Collected data entries
=== Section Start ===

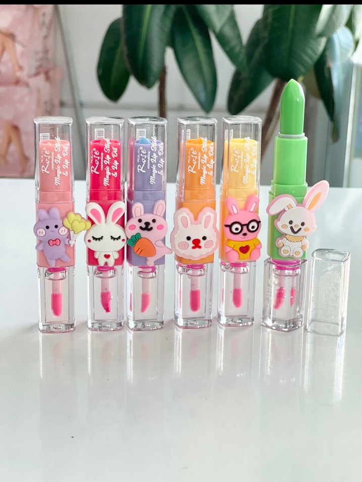 Rose (tavşan figürlü) çift taraflı shirly ruj & dudak parlatıcı ... devamı Renkli ve sevimli tavşan figürlü lip glosslar ile yeşil ruju içeren eğlenceli bir makyaj seti.
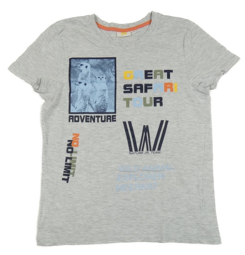 Svetlosivé melírované tričko so surikatami a nápismi Kids
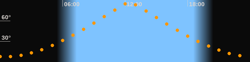| Höchster Stand (Kulmination) | 12:25 Uhr (h = 86,6°) |
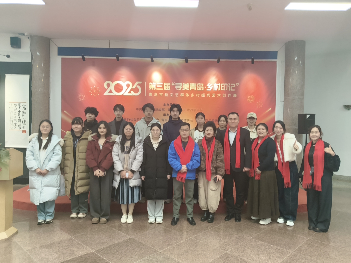 近日,由崂山区沙子口街道办事处、沙子口街道新时代文明实践所、青岛大学文学院、沙子口新联会联合开展的“观展学艺强素养 志愿赋能乡村兴”文明实践志愿者培训活动在青岛出版艺术馆顺利举行。街道组织辖区 20 名大学生志愿者走进第三届 “寻美青岛・乡村印记”青岛市新文艺群体乡村振兴艺术创作展,以 “观展研学 + 艺术交流” 的特色培训模式,深化志愿者对乡村文化的理解与传播能力,为践行乡村振兴战略注入青春力量。
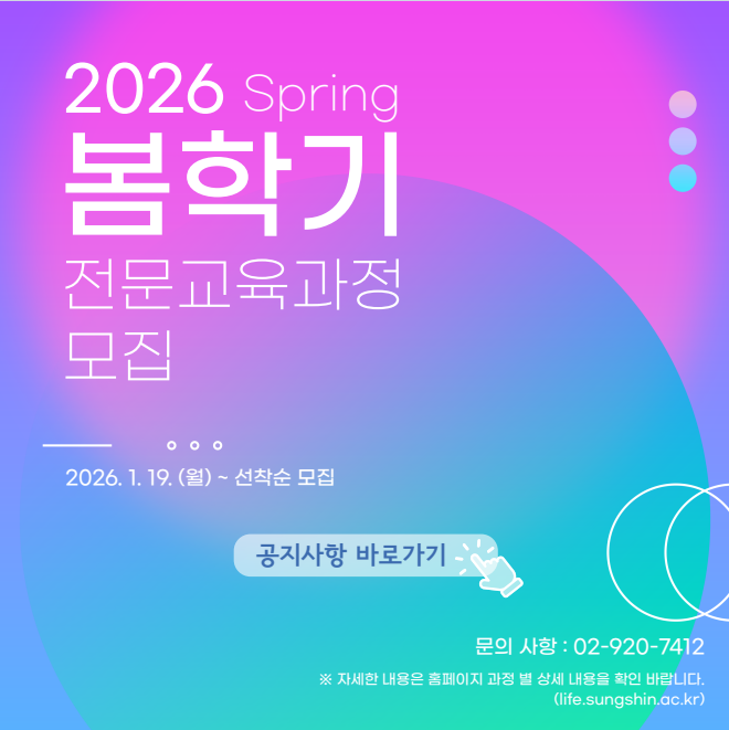 - [전문교육과정] 2026-봄(3월개강) 전문교육과정 안내 및 수강생 모 2026.01.19
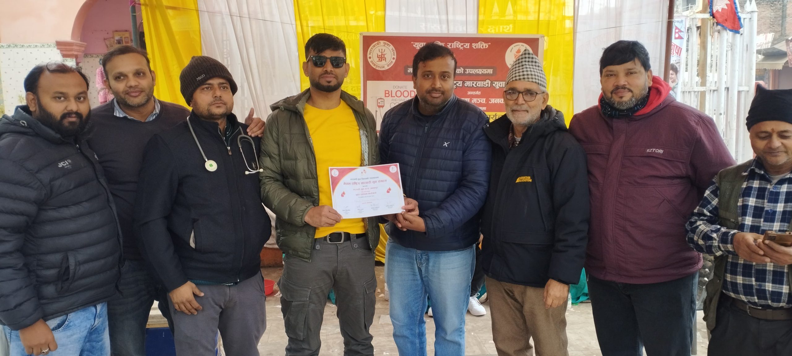 नेपाल रेडक्रस सोसाइटीको प्राविधिक सहयोगमा सम्पन्न उक्त कार्यक्रममा समाजका विभिन्न क्षेत्रका व्यक्तिहरूको उल्लेख्य सहभागिता रहेको मारवाडी युवा मञ्चका अध्यक्ष राहुल सिंघानियाले जानकारी दिए।
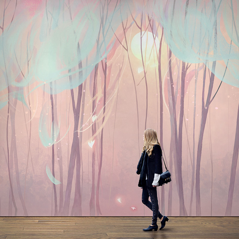 After you install the part 1 mural, then align the part 2 mural with the part 1 mural installed on the wall and paste the part 2 mural, then cut off the overlap of the two panels with knife and mural. Peel off the cut part and level off surface with a scraper.
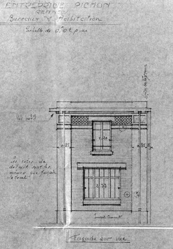Elévation de la façade ouest, sur rue, vers 1925 (A. C. Rennes)Immatriculation
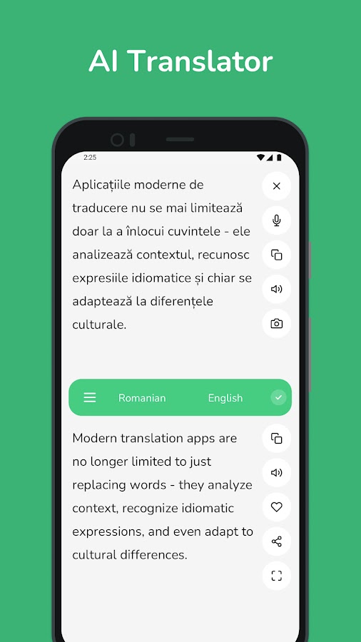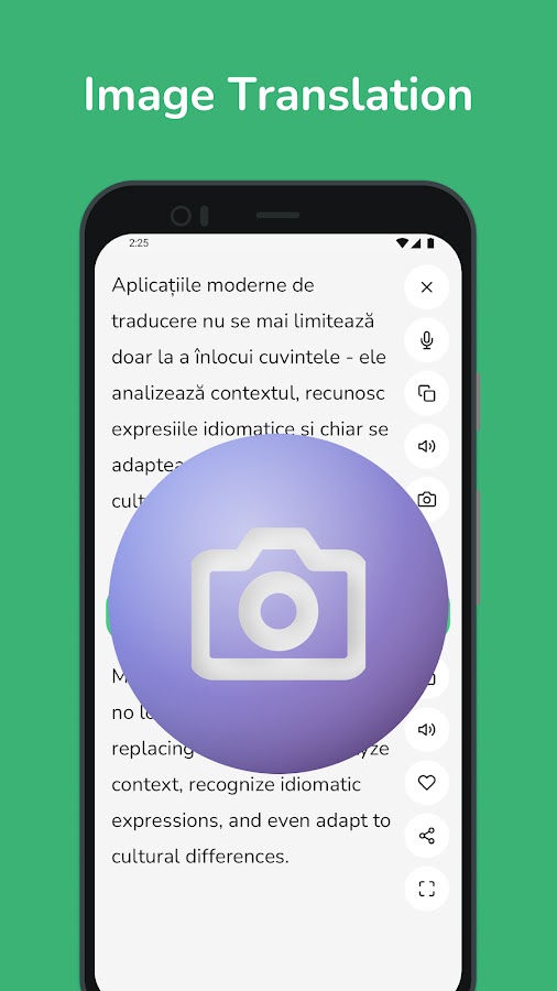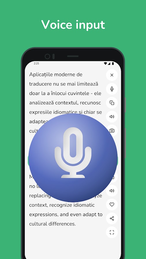 • Распознавание голоса: говорите прямо в приложении, и наш искусственный интеллект мгновенно переведет вашу речь, делая разговор более плавным.
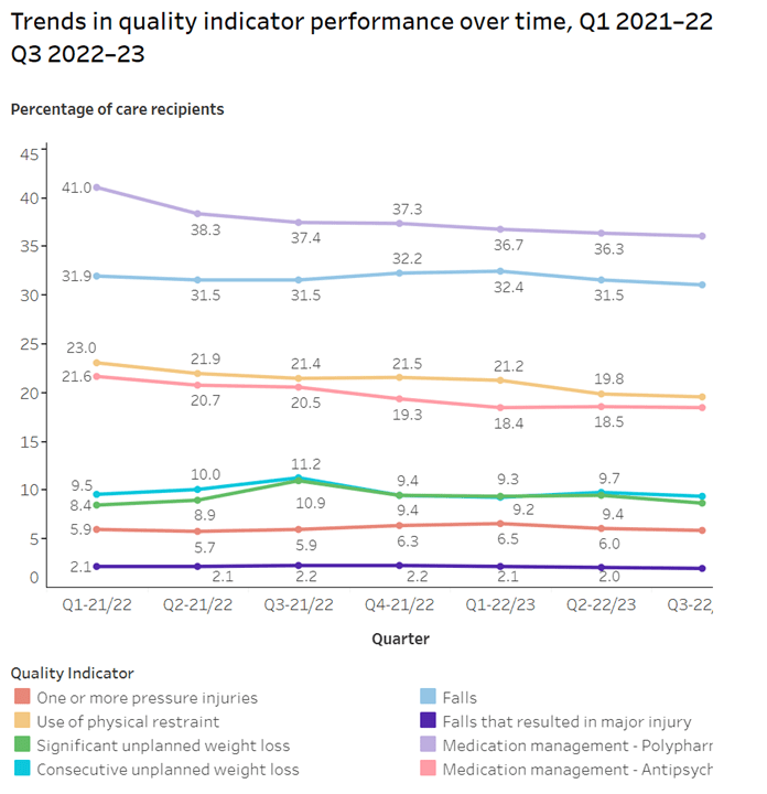 As part of the expanded Quality Indicator program, from 1 April 2023 residential aged care providers have also had to submit data on:
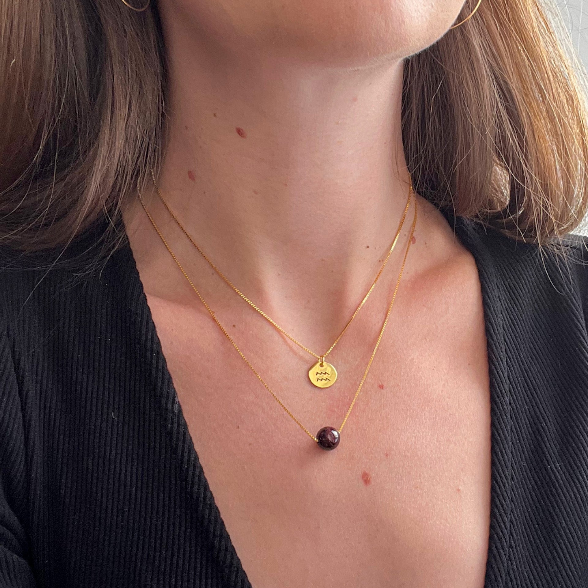 Derfor indeholder denne særlige halskæde en enkelt granatperle, der understøtter Vandbærerens naturlige tilbøjelighed til at udforske nye ideer og bringe forandring til bordet.

=== Section End ===

Description of the task - Pictures aside, reproduce all of the data exactly.

Final answer -
 Rose (tavşan figürlü) çift taraflı shirly ruj & dudak parlatıcı ... devamı Renkli ve sevimli tavşan figürlü lip glosslar ile yeşil ruju içeren eğlenceli bir makyaj seti.
 Svetlosivé melírované tričko so surikatami a nápismi Kids
| Höchster Stand (Kulmination) | 12:25 Uhr (h = 86,6°) |
 近日,由崂山区沙子口街道办事处、沙子口街道新时代文明实践所、青岛大学文学院、沙子口新联会联合开展的“观展学艺强素养 志愿赋能乡村兴”文明实践志愿者培训活动在青岛出版艺术馆顺利举行。街道组织辖区 20 名大学生志愿者走进第三届 “寻美青岛・乡村印记”青岛市新文艺群体乡村振兴艺术创作展,以 “观展研学 + 艺术交流” 的特色培训模式,深化志愿者对乡村文化的理解与传播能力,为践行乡村振兴战略注入青春力量。
 - [전문교육과정] 2026-봄(3월개강) 전문교육과정 안내 및 수강생 모 2026.01.19
 नेपाल रेडक्रस सोसाइटीको प्राविधिक सहयोगमा सम्पन्न उक्त कार्यक्रममा समाजका विभिन्न क्षेत्रका व्यक्तिहरूको उल्लेख्य सहभागिता रहेको मारवाडी युवा मञ्चका अध्यक्ष राहुल सिंघानियाले जानकारी दिए।
 After you install the part 1 mural, then align the part 2 mural with the part 1 mural installed on the wall and paste the part 2 mural, then cut off the overlap of the two panels with knife and mural. Peel off the cut part and level off surface with a scraper.
Elévation de la façade ouest, sur rue, vers 1925 (A. C. Rennes)Immatriculation
 • Распознавание голоса: говорите прямо в приложении, и наш искусственный интеллект мгновенно переведет вашу речь, делая разговор более плавным.
 As part of the expanded Quality Indicator program, from 1 April 2023 residential aged care providers have also had to submit data on:
 Derfor indeholder denne særlige halskæde en enkelt granatperle, der understøtter Vandbærerens naturlige tilbøjelighed til at udforske nye ideer og bringe forandring til bordet.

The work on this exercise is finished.